[Work task]:
An exact transcription is needed of the lines below from the one with "sind begeistert von" through the one with "Специалисты агентства разработали", with no other lines and no pictures.

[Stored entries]
----

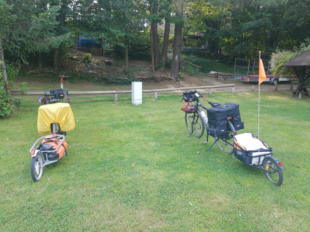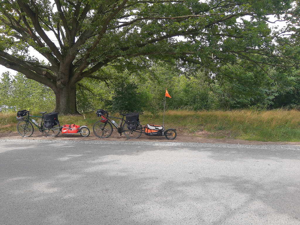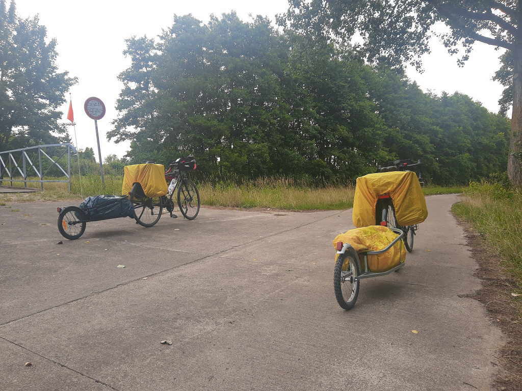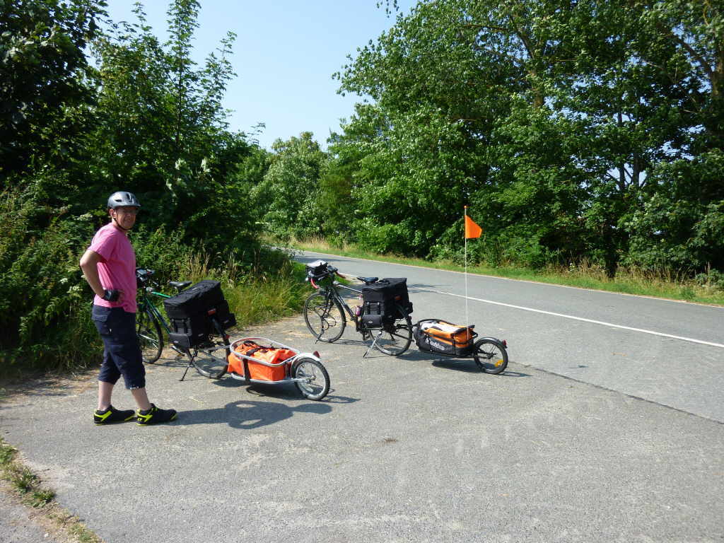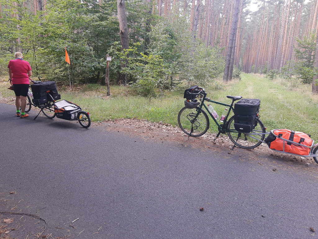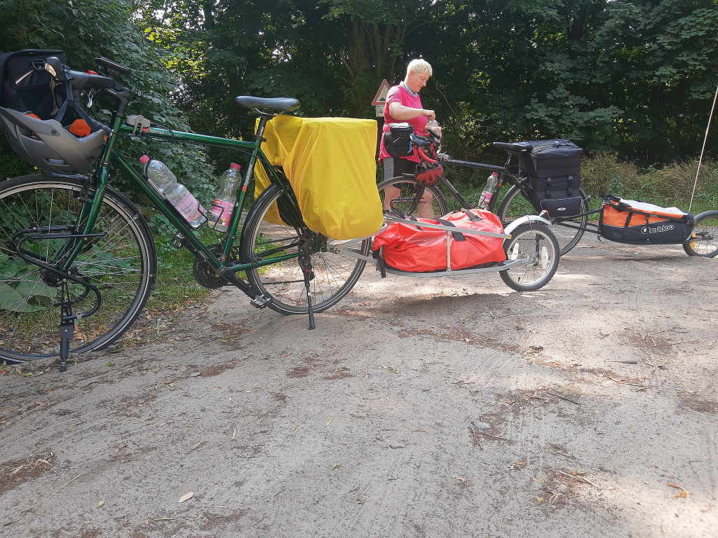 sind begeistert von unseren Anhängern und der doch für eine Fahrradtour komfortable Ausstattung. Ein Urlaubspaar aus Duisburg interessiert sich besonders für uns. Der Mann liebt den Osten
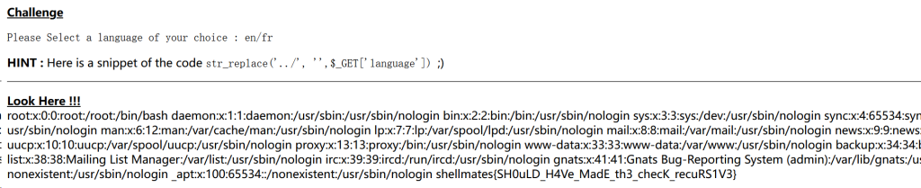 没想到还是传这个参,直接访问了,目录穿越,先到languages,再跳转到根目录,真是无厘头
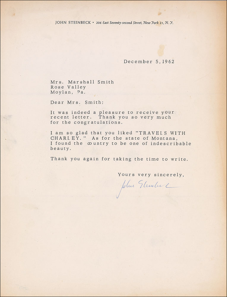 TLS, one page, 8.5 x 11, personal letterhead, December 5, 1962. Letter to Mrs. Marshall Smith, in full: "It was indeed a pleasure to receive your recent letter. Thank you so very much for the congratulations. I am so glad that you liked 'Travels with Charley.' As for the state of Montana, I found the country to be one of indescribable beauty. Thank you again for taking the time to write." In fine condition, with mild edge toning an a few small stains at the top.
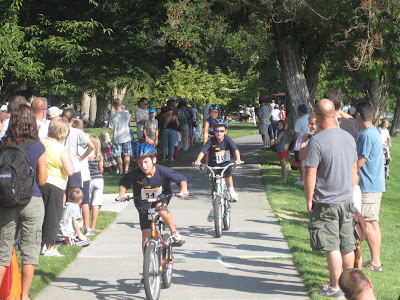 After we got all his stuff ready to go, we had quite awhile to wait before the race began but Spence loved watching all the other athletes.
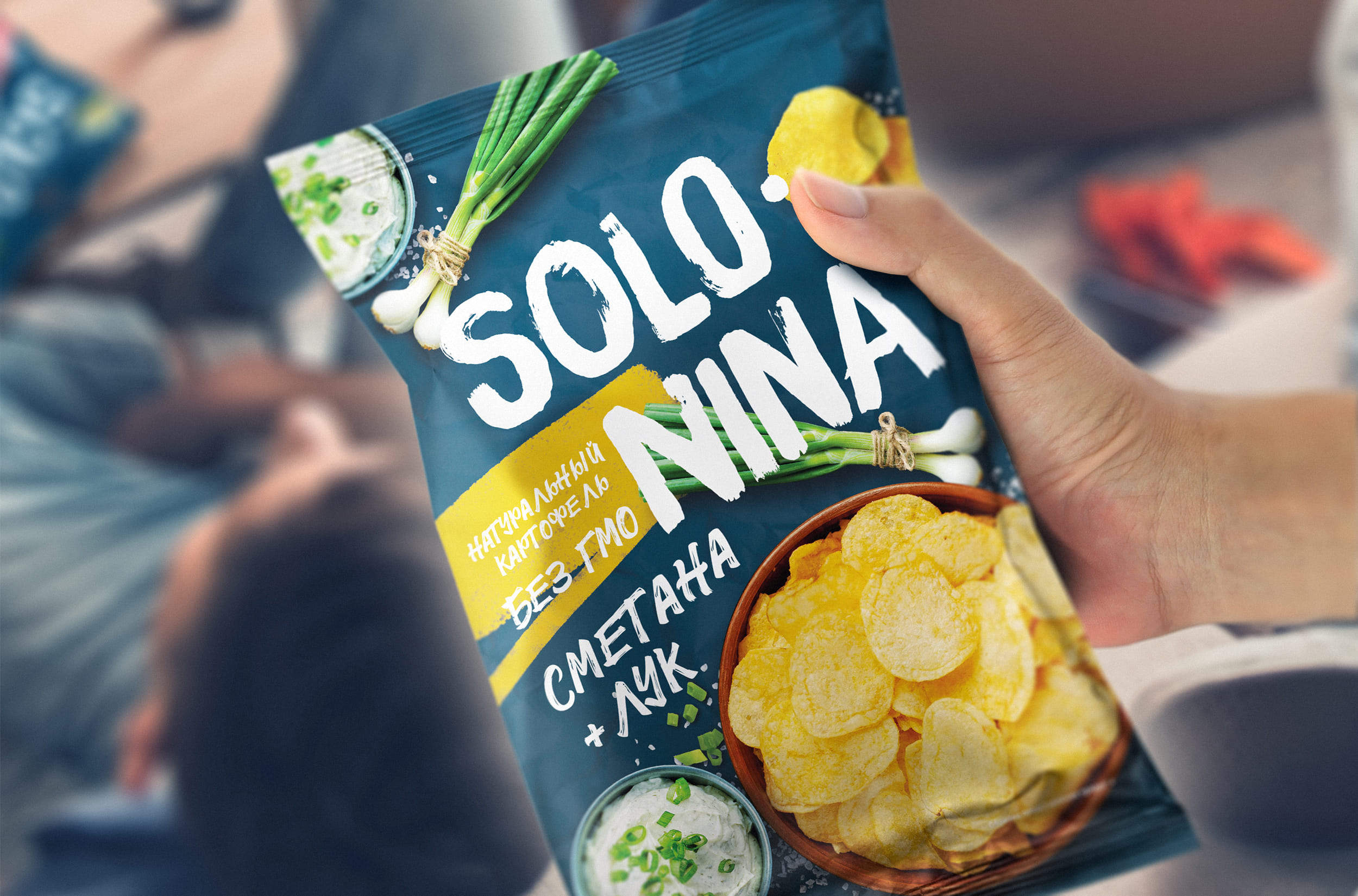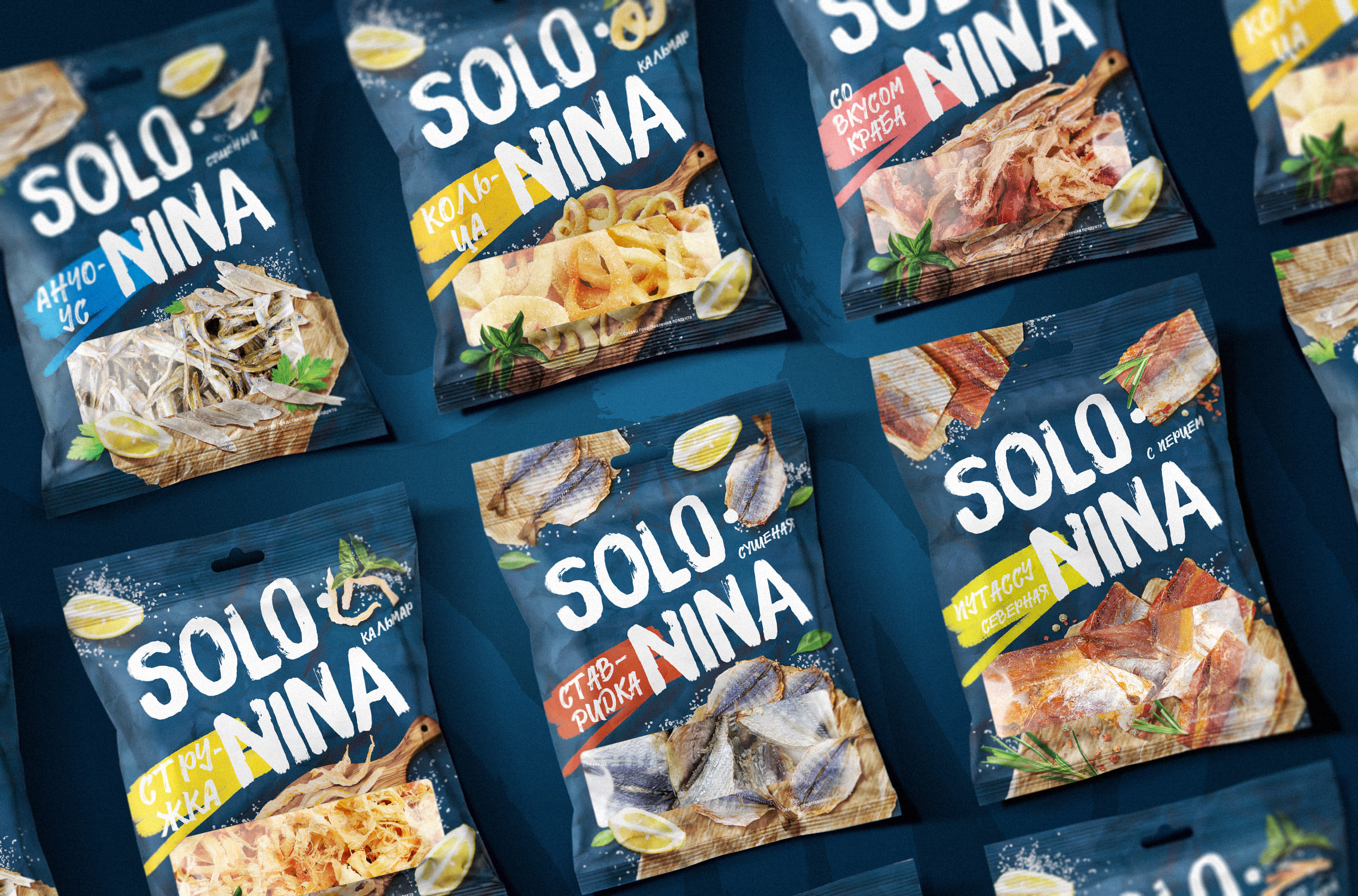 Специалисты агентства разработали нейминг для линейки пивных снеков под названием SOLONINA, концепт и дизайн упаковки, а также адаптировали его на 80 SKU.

----

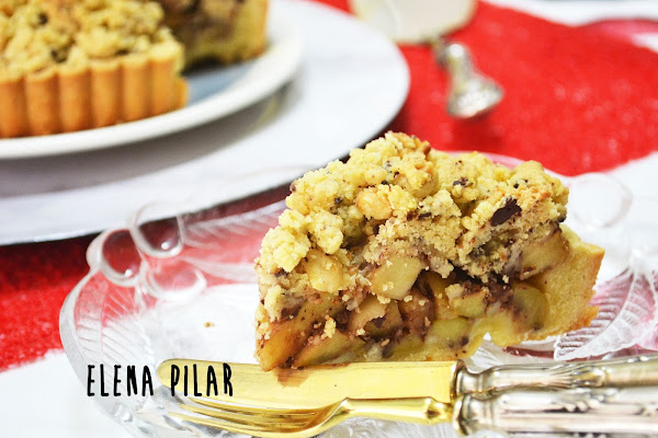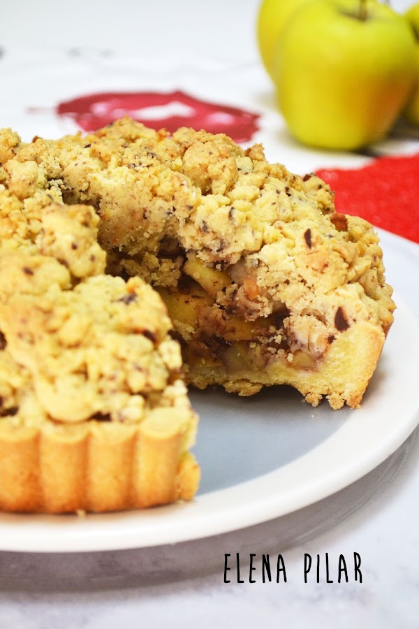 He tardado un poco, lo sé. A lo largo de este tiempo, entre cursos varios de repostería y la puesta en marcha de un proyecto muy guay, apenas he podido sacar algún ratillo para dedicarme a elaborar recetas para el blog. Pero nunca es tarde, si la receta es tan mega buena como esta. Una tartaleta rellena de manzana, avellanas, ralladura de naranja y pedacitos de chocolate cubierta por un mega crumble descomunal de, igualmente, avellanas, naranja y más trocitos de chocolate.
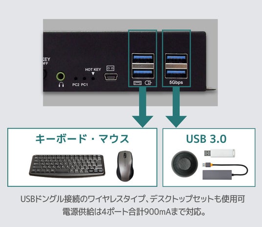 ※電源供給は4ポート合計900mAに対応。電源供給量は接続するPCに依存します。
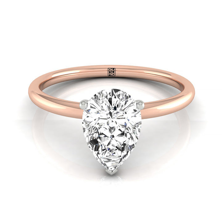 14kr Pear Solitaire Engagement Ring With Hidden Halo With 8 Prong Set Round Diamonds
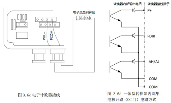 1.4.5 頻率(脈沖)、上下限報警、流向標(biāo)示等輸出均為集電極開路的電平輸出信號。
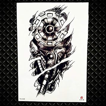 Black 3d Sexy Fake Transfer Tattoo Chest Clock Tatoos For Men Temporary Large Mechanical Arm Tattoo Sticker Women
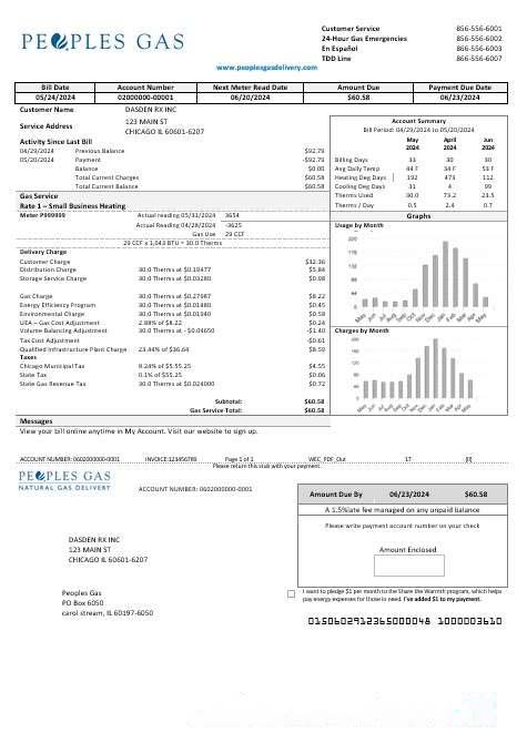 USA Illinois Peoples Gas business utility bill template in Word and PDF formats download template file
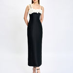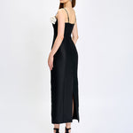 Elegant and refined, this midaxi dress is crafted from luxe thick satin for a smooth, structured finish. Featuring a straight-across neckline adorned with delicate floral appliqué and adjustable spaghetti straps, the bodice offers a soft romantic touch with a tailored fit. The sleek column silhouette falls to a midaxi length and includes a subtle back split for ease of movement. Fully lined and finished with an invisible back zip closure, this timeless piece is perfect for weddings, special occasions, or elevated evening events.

----

[Your solution]:
 sind begeistert von unseren Anhängern und der doch für eine Fahrradtour komfortable Ausstattung. Ein Urlaubspaar aus Duisburg interessiert sich besonders für uns. Der Mann liebt den Osten
 没想到还是传这个参,直接访问了,目录穿越,先到languages,再跳转到根目录,真是无厘头
 TLS, one page, 8.5 x 11, personal letterhead, December 5, 1962. Letter to Mrs. Marshall Smith, in full: "It was indeed a pleasure to receive your recent letter. Thank you so very much for the congratulations. I am so glad that you liked 'Travels with Charley.' As for the state of Montana, I found the country to be one of indescribable beauty. Thank you again for taking the time to write." In fine condition, with mild edge toning an a few small stains at the top.
 After we got all his stuff ready to go, we had quite awhile to wait before the race began but Spence loved watching all the other athletes.
 Специалисты агентства разработали нейминг для линейки пивных снеков под названием SOLONINA, концепт и дизайн упаковки, а также адаптировали его на 80 SKU.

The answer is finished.